To respond to the public's demand for action, CMS, the government agency that runs Medicare, came up with pilot programs -- limited experiments -- to curb what the government pays especially for high-cost drugs like those for cancer, multiple sclerosis, and immune suppression for organ transplantation. It would also lower what seniors have to pay for the drugs. The Part B program accounts for slightly over $20 billion in payments, which is less than 5% of the estimated $457 billion the United States spends on all drugs.

Currently, for those part B drugs, doctors and hospitals are paid the average sales price (ASP) of a drug plus 6%. Just as a car salesman working on commission has an incentive to sell a Mercedes rather than a Fiat, the part B "plus 6%" payment formula encourages the use of high-cost drugs. For instance, an oncologist makes $600 for prescribing a $10,000 a month brand-name chemotherapy (like the drug Abraxane, for which the price tag exceeds $13,000) but makes only $6 for a $100 generic drug that is just as effective. You don't have to be rapacious scoundrels like the CEOs of Valiant and Turing Pharmaceuticals to be tempted to prescribe the $10,000 drug. Indeed, studies show that, in the aggregate, oncologists do succumb to these perverse incentives by prescribing more expensive drugs. This drives up Medicare spending and burdens millions of seniors with higher co-pays for their drugs.

A few months ago, Medicare proposed pilot programs that would institute changes to see if they could lower costs and improve quality. First, instead of paying the "plus 6%," Medicare would pay a flat fee of $16.80 plus 2.5% of the average sales price. (The 2.5% is to account for variation across the country in the ASP.) This program pays physicians more for drugs costing up to $440 per dose and less for more costly ones. Crucially, the Medicare plan does not prohibit use of any drug. It simply leaves physicians to make prescribing decisions based on clinical need rather than their own financial interests.

Medicare proposes to test other incentives to promote the use of high-value drugs. One would be to eliminate seniors' co-payments or cost sharing for high-value drugs. Another would be "reference pricing," paying the same low price for all drugs with the same clinical effect. Yet another would allow Medicare to pay drug companies based on outcomes -- paying only for those patients in whom the drug works.

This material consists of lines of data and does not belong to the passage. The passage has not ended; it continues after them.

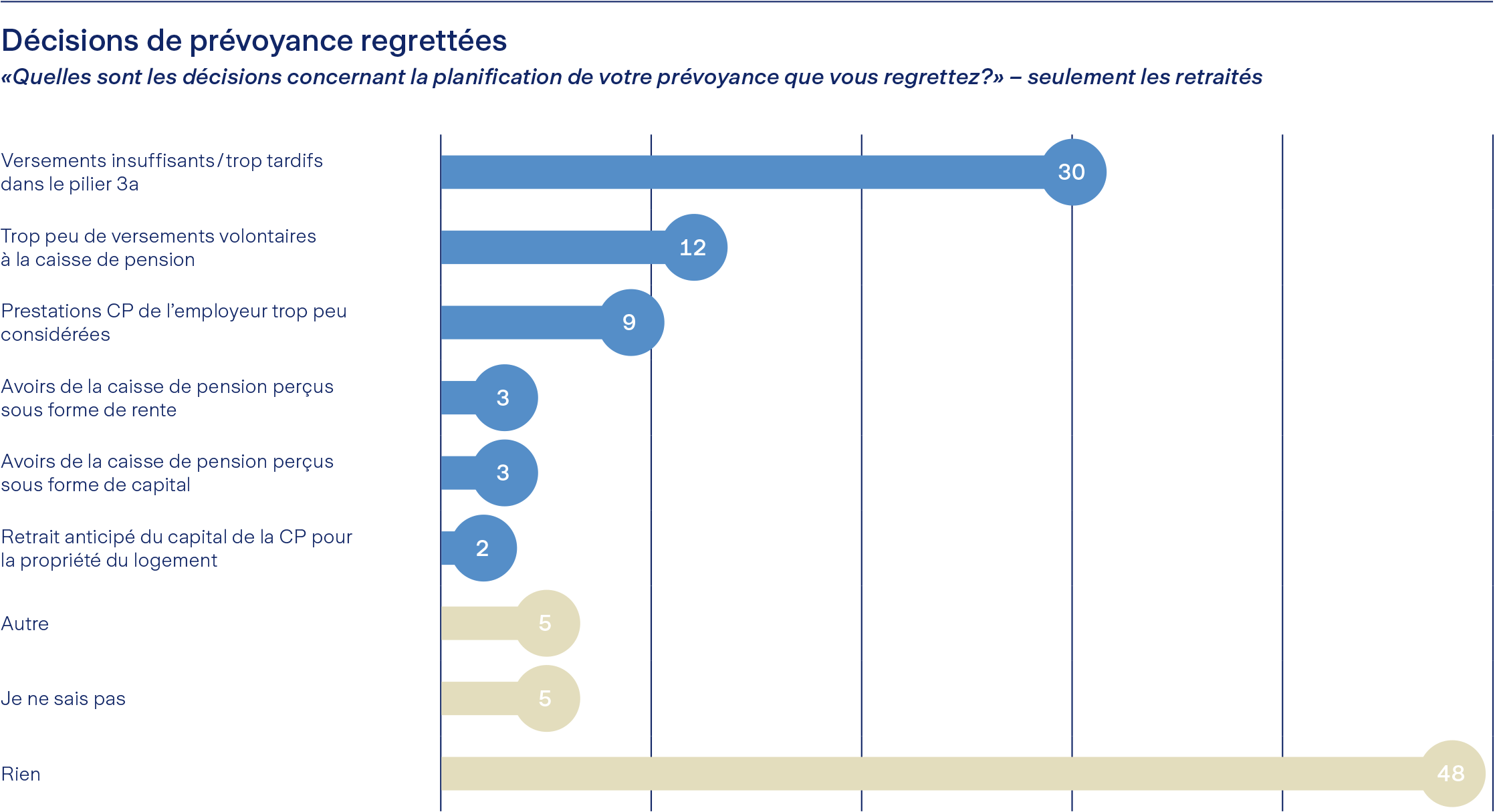 «Si seulement j’avais fait plus pour ma prévoyance», telle est la réflexion que se font de nombreuses personnes en Suisse. Dans le cadre de l’étude «Fairplay», les retraités ont été interrogés pour savoir s’ils regrettaient rétrospectivement les décisions prises en matière de prévoyance. Près de la moitié d’entre eux ont des regrets. Les raisons suivantes ont été le plus souvent citées. 30% répondent qu’ils ont cotisé trop peu ou trop tard dans le pilier 3a, 12% regrettent d’avoir trop peu cotisé volontairement dans la prévoyance professionnelle et 9% n’ont pas assez tenu compte des prestations de leur caisse de pension.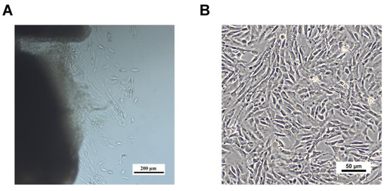 Dermal tissue was carefully dissected from the stillborn fetus, washed three times with PBS containing penicillin–streptomycin, and cut into 1 mm3 pieces, which were placed into a 60 mm culture dish. Next, 3 mL of DMEM containing 10% FBS was added, ensuring that the tissue remained submerged. Cell migration was monitored daily, and the medium was replaced every 48 h.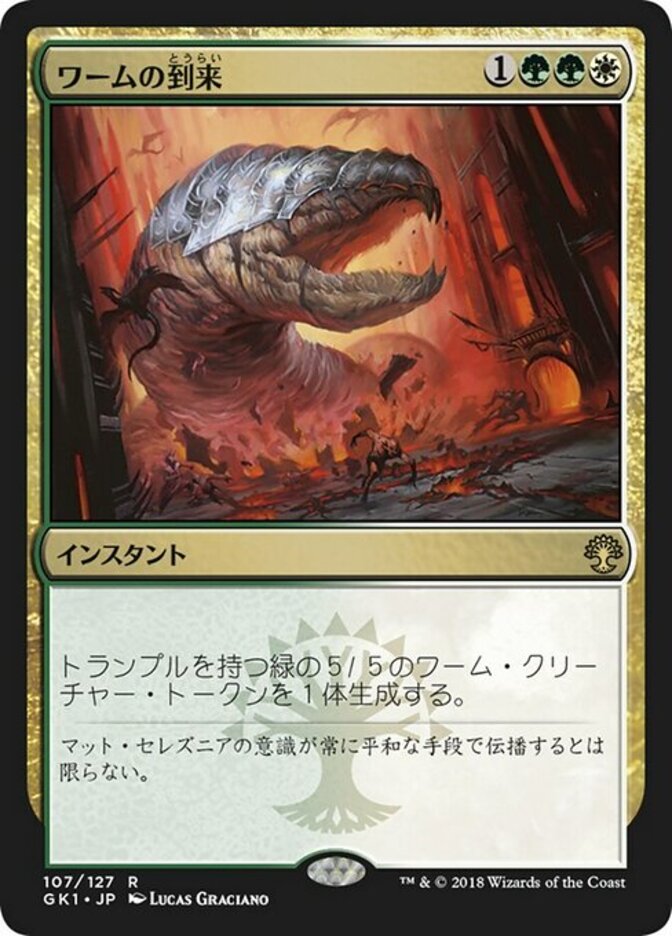 | Rules | Create a 5/5 green Wurm creature token with trample. |
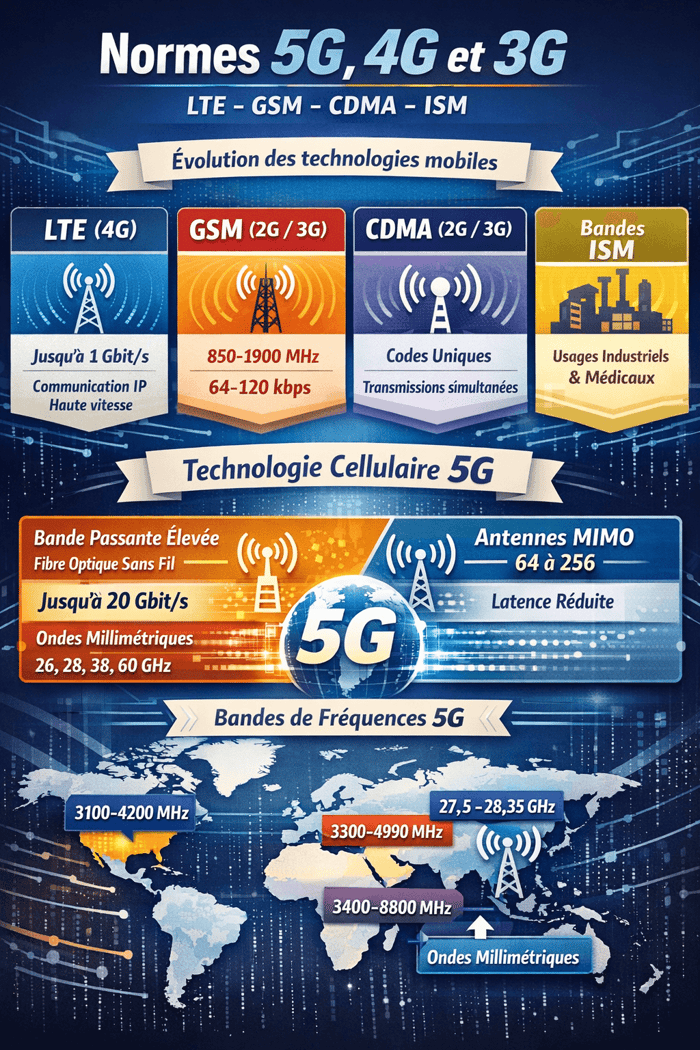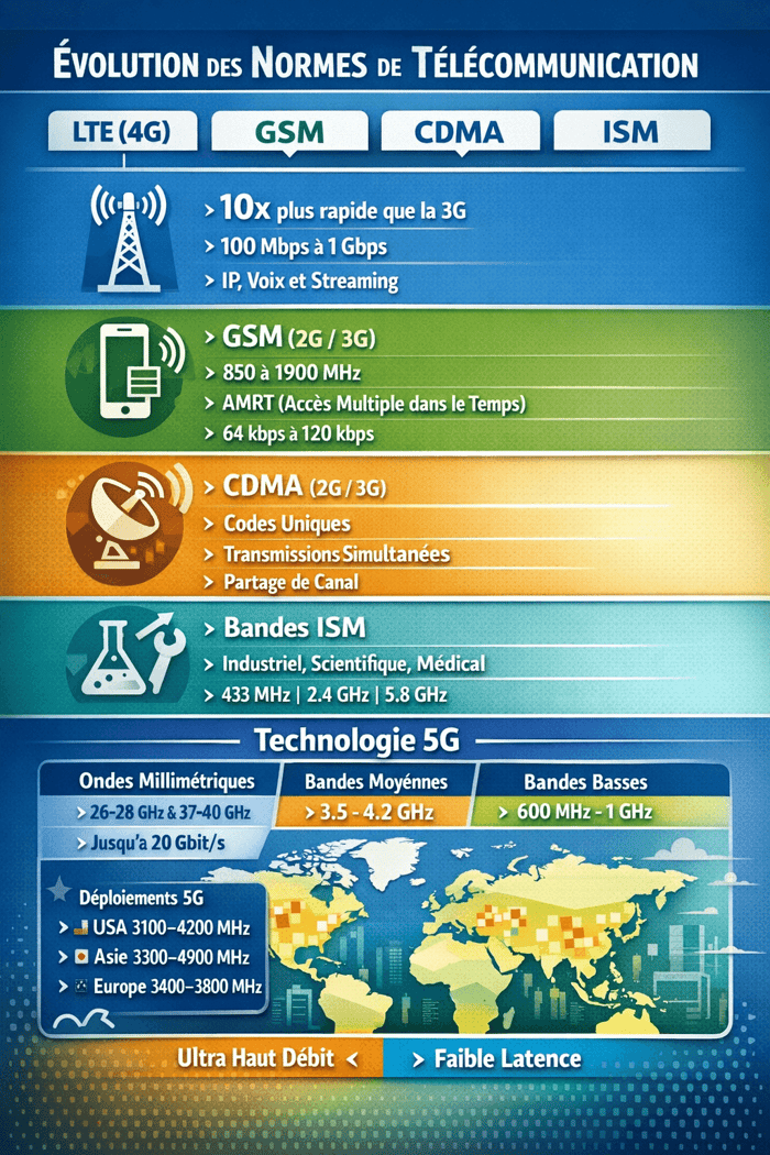 Les normes de communication sans fil telles que LTE (4G), GSM (2G et 3G), CDMA (2G et 3G), 5G et les bandes ISM constituent la base des réseaux de télécommunications modernes. Chacune de ces technologies a été conçue pour répondre à des besoins spécifiques en matière de débit, de latence, de capacité et de couverture.

Both AARP and Consumer Union support the pilot programs. But the drug companies are apoplectic.

Why? Obviously they want to stave off policy changes that might result in a loss of sales. But what they really want to do is draw a line in the sand. If the drug companies can defeat the Part B experiments, they will use the victory to scare off any future attempts to regulate drug prices.
The fate of the Medicare proposal is in the balance. Strangely, key stakeholders who normally denounce high drug prices are supporting the drug companies. Politicians are objecting. Hypocritically, oncologists who complain about their patients' "financial toxicities" from high-cost chemotherapies are against the plan. And some so-called patient advocacy groups are also objecting.

Not surprisingly, all of these stakeholders have financial interests aligned with the drug companies. Politicians get significant campaign contributions from the drug companies. According to the Center for Responsive Politics, in the 2012 election cycle big Pharma spent over $50 million in campaign contributions. In the 2014 cycle they contributed $32 million, and so far in 2016 their contributions have exceeded $30 million. Oncologists make more money from prescribing high-cost drugs. And the vast majority of those patient advocacy groups are fronts for drug companies, receiving hefty donations from them.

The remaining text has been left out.